Make an exact copy of the whole listing, but leave its pictures out.

(Data extract):
--------------------------------
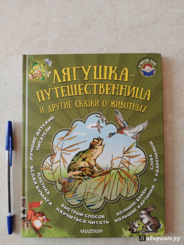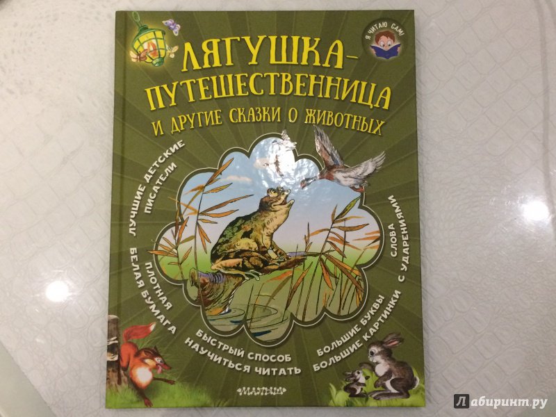 Описание"Лягушка-путешественница и другие сказки о животных" - это сборник сказок В. Бианки, В.М. Гаршина, Бориса Заходера и других знаменитых авторов. Из этой книги дети узнают, кто, кроме птиц, живёт в дупле, кто чем поёт, как можно путешествовать без крыльев и другие интересные подробности из жизни животных в дикой природе. Этот сборник отлично подходит для начинающих читателей, ведь здесь очень крупный шрифт и слова с ударениями, что поможет детям самостоятельно прочитать всю книжку целиком. Книги из серии "Я читаю сам!" незаменимы для тех, кто любит читать!Для детей дошкольного возраста."Лягушка-путешественница и другие сказки о животных" - это сборник сказок В. Бианки, В.М. Гаршина, Бориса Заходера и других знаменитых авторов. Из этой книги дети узнают, кто, кроме птиц, живёт в дупле, кто чем поёт, как можно путешествовать без крыльев и другие интересные подробности из жизни животных в дикой природе. Этот сборник отлично подходит для начинающих читателей, ведь здесь очень крупный шрифт и слова с ударениями, что поможет детям самостоятельно прочитать всю книжку целиком. Книги из серии "Я читаю сам!" незаменимы для тех, кто любит читать!Для детей дошкольного возраста.
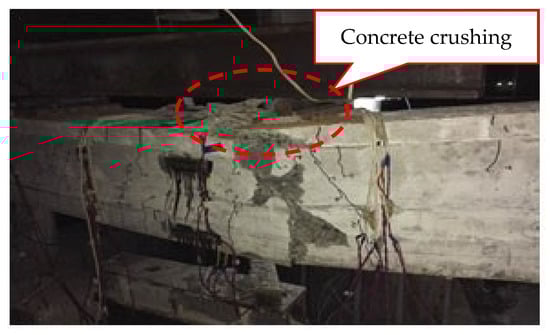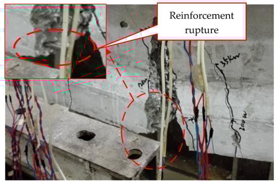 The model beams test showed that when the fatigue load level was lower than the pre-compression stress of concrete in the tension zone, the test beams exhibited excellent fatigue performance. With the increase in fatigue load level, the fatigue damage characteristics of the test beams were similar to those of partially prestressed concrete beams with a high prestressing degree [21]. The fatigue failure of those of test beams occurred in the bottom tensile steel bar. Further loading caused the height and width of the main fatigue crack to increase rapidly, and the fatigue fracture of the remaining ordinary steel bar occurred successively. At this stage, the fatigue failure of prestressing strand and concrete in the compression zone did not occur (their average maximum strains are less than 1000 µε and 9000 µε, respectively). However, there were many vertical cracks in the pure flexural segment of the beams, and the deformation of the beams increased sharply. Consequently, the maximum crack width and deformation could not meet the requirements of the specification. The fatigue failure mode of the beam is shown in Figure 7. Therefore, it is more reasonable to take the number of fatigue fracture cycles of the bottom tensile steel bars as the fatigue life of the beams.
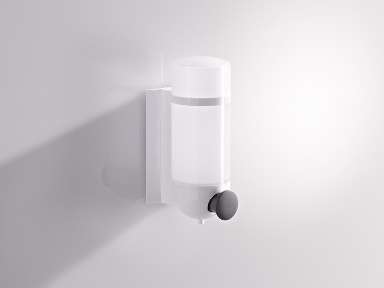 System 800 K is based on the design principles of System 800 - the clear design language and the characteristically large radii were taken up in the material variant System 800 K. The system is made of high-quality polyamide. White is the basic colour of the 800 K sanitary system. The functional elements can be coloured on request.
--------------------------------
(Solved exercise):
 Описание"Лягушка-путешественница и другие сказки о животных" - это сборник сказок В. Бианки, В.М. Гаршина, Бориса Заходера и других знаменитых авторов. Из этой книги дети узнают, кто, кроме птиц, живёт в дупле, кто чем поёт, как можно путешествовать без крыльев и другие интересные подробности из жизни животных в дикой природе. Этот сборник отлично подходит для начинающих читателей, ведь здесь очень крупный шрифт и слова с ударениями, что поможет детям самостоятельно прочитать всю книжку целиком. Книги из серии "Я читаю сам!" незаменимы для тех, кто любит читать!Для детей дошкольного возраста."Лягушка-путешественница и другие сказки о животных" - это сборник сказок В. Бианки, В.М. Гаршина, Бориса Заходера и других знаменитых авторов. Из этой книги дети узнают, кто, кроме птиц, живёт в дупле, кто чем поёт, как можно путешествовать без крыльев и другие интересные подробности из жизни животных в дикой природе. Этот сборник отлично подходит для начинающих читателей, ведь здесь очень крупный шрифт и слова с ударениями, что поможет детям самостоятельно прочитать всю книжку целиком. Книги из серии "Я читаю сам!" незаменимы для тех, кто любит читать!Для детей дошкольного возраста.
 The model beams test showed that when the fatigue load level was lower than the pre-compression stress of concrete in the tension zone, the test beams exhibited excellent fatigue performance. With the increase in fatigue load level, the fatigue damage characteristics of the test beams were similar to those of partially prestressed concrete beams with a high prestressing degree [21]. The fatigue failure of those of test beams occurred in the bottom tensile steel bar. Further loading caused the height and width of the main fatigue crack to increase rapidly, and the fatigue fracture of the remaining ordinary steel bar occurred successively. At this stage, the fatigue failure of prestressing strand and concrete in the compression zone did not occur (their average maximum strains are less than 1000 µε and 9000 µε, respectively). However, there were many vertical cracks in the pure flexural segment of the beams, and the deformation of the beams increased sharply. Consequently, the maximum crack width and deformation could not meet the requirements of the specification. The fatigue failure mode of the beam is shown in Figure 7. Therefore, it is more reasonable to take the number of fatigue fracture cycles of the bottom tensile steel bars as the fatigue life of the beams.
 System 800 K is based on the design principles of System 800 - the clear design language and the characteristically large radii were taken up in the material variant System 800 K. The system is made of high-quality polyamide. White is the basic colour of the 800 K sanitary system. The functional elements can be coloured on request.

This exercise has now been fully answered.